KASUS KEKERASAN SEKSUAL - Barang bukti kasus kekerasan seksual di Klaten, Jumat (20/2/2026). Seorang ayah berinisial D (65) ditangkap polisi Polres Klaten setelah belasan tahun melakukan kekerasan seksual terhadap anaknya.

Polres Klaten segera menindaklanjuti laporan ini dan melakukan proses penyelidikan terhadap pelaku.

Kekerasan Seksual Terjadi Selama 14 Tahun

Faruk menjelaskan, kekerasan seksual yang dialami SH berlangsung sejak ia berusia 10 tahun atau saat duduk di kelas 4 SD, hingga akhirnya kasus ini terungkap.

"Aksi tidak terpuji ini terjadi saat ibu korban yang merupakan pedagang sedang melakukan aktivitas di pasar. Setiap kali ibunya meninggalkan rumah, pelaku yang merupakan ayah kandungnya melancarkan aksinya," ungkap Faruk.

Selain anak, istri pelaku yang juga ibu kandung korban kerap menjadi korban kekerasan dalam rumah tangga. 

Baca juga: Dugaan Kekerasan Seksual Seniman Sukoharjo, Polisi Segera Dalami Keterangan Terlapor

Fokus Pemulihan Psikologis Korban

Kapolres menekankan pentingnya pemulihan korban mengingat trauma psikologis yang dialami cukup berat.

Berdasarkan pemeriksaan awal, korban mengalami tekanan mental yang mendalam akibat peristiwa tersebut.

“Korban mengalami trauma yang sangat berat.

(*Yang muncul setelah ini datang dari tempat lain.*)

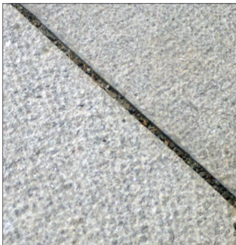
Korning i ekspansjonsfugen.

Kami akan berkoordinasi dengan pihak-pihak terkait seperti KPAI, Bapas, serta lembaga yang memiliki kompetensi dalam penanganan trauma psikologis anak dan perempuan," kata Faruk.

Tersangka Dijerat KUHP, Ancaman Penjara Maksimal 12 Tahun

Pelaku kini dijerat dengan Pasal 418 ayat (1) KUHP atau Pasal 414 ayat (1) huruf b KUHP atau Pasal 415 huruf b KUHP tentang persetubuhan terhadap anak, dengan ancaman pidana maksimal 12 tahun penjara.